With this transfer of wealth comes increasing financial accountability for millennials, as well as the essential question of how advisors should best prepare this new generation of clients for a bright financial future and the eventual transfer of assets.
All too often, this sensitive topic is the proverbial “elephant in the room” that rarely gets discussed or even mentioned in meetings. While sharing too much specific information early on might indeed be problematic or even a mistake, experience shows that beginning this conversation in a general way, using plain English and avoiding financial jargon, can be a helpful “ice-breaker” strategy for this group.
Beginning the conversation
One way that advisors can broach the topic is by developing a financial mission statement with clients. This activity of defining “Who are you?” and “What is important to you and your family?” helps identify the millennial client’s values and passions and permits the advisor to understand what makes the client tick. This, in turn, will better equip advisors to help their clients achieve their goals.
Furthermore, this approach keeps the focus away from the “How much?” and “When?” and instead redirects the discussion toward the “What’s important?” and “How?” questions. Rather than stopping at simply the amount and disposition of assets, this activity gets deeper to the heart of what the clients’ values are and how they hope to perpetuate these values into the futu re.
Understanding their concerns
A well-documented concern of many millennials is the importance of a work-life balance. Advisors should address these concerns by tackling topics that are important to them in that regard. This can include advising them on how to save enough money to take a one-year sabbatical, best practices for taking advantage of employer matches, or making sure their portfolios are positioned correctly in order for them to retire at a suitable age, with savings that will allow them to live the lifestyle to which they are accustomed.
Research shows that millennials ascribe high value to retirement savings and routinely rank it at or near the top of their financial priorities. At the same time, they are looking to find fulfillment and make a difference in the world. Engaging in conversations about how taking control of their personal finances can help them achieve both of these objectives for the long term can be beneficial in closing the gap between financial and emotional fulfillment.

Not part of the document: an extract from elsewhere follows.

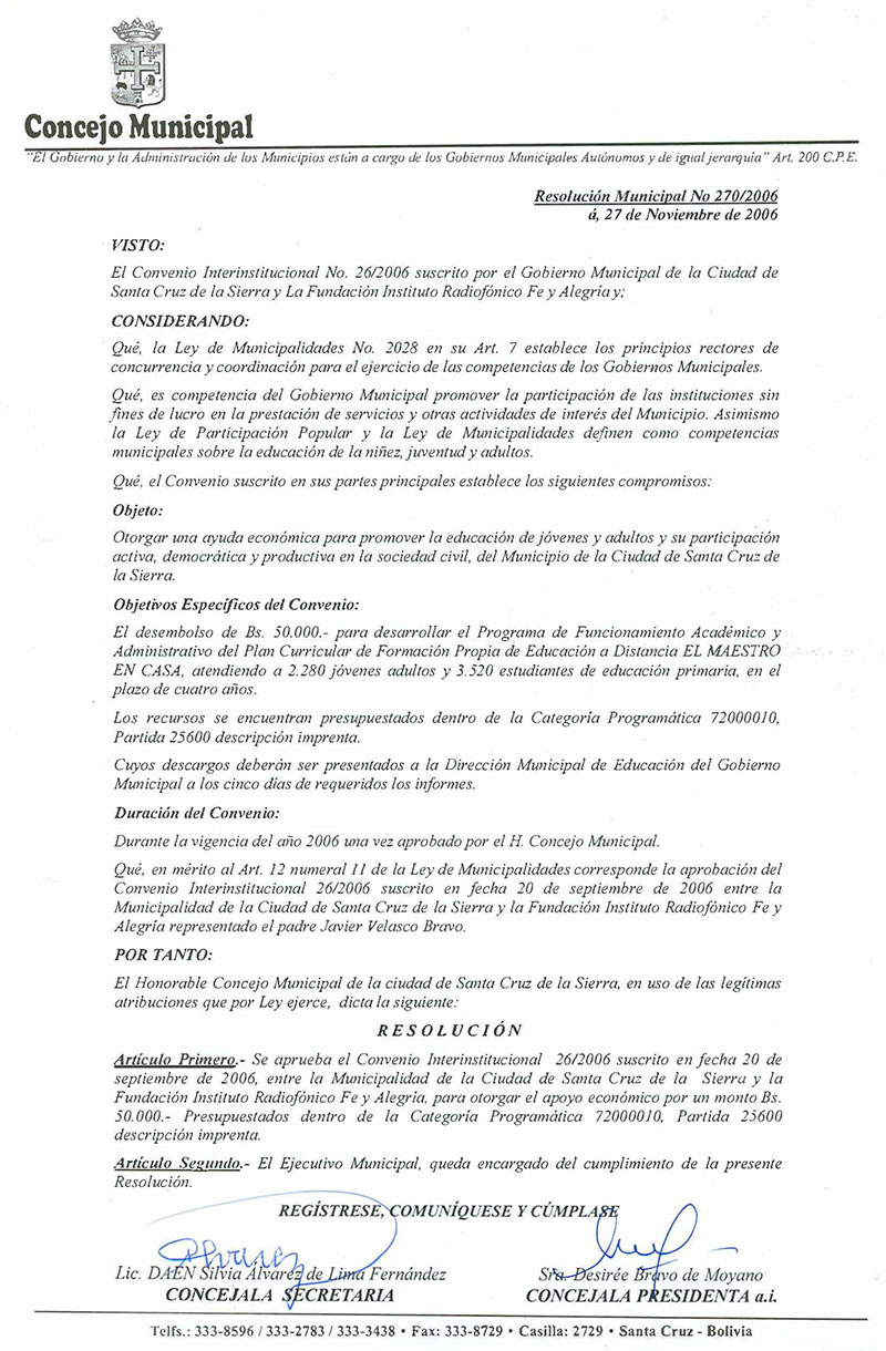 Se aprueba el Convenio Interinstitucional 26/2006, suscrito en fecha 20 de septiembre de 2006, entre la Municipalidad de la Ciudad de Santa Cruz de la Sierra y la Fundación Instituto Radiofónico Fe y Alegría, para otorgar el apoyo económico por un monto Bs. 50.000.- Presupuestados dentro de la Categoría Programática 72000010, Partida 25600 descripción imprenta.

Millennials wholeheartedly embrace technology; so it’s important that their advisors adopt it as well.
Millennials also tend to become anxious about finances; so sharing ideas on how to save, how to invest and how to budget are all practical ways to continue the dialogue.
Finally, the technological tools and resources available today can be effective methods to keep millennials actively engaged in their own long-term planning process and can help pave the way for a more responsible and financially astute client.

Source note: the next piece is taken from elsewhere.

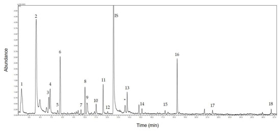 The analysis of volatiles from the sample was performed by headspace analysis from fresh flowers using gas chromatography coupled with mass spectrometry (HS-GC/MS). The obtained chromatogram is presented in Figure 2.

Millennials wholeheartedly embrace technology; so it’s important that their advisors adopt it as well. From electronic calculators to portfolio tracking software to mobile friendly account websites, the internet is replete with helpful information and resources to spark and encourage this conversation.
The goal of advisors who want to prepare their millennial clients for financial literacy and independence should be to encourage an ongoing dialogue with them. These conversations should be initiated early on, and often. Much like how a fitness app helps track health progress, this dialogue will help millennials keep track of their financial “health” and ensure a future of sound financial decisions.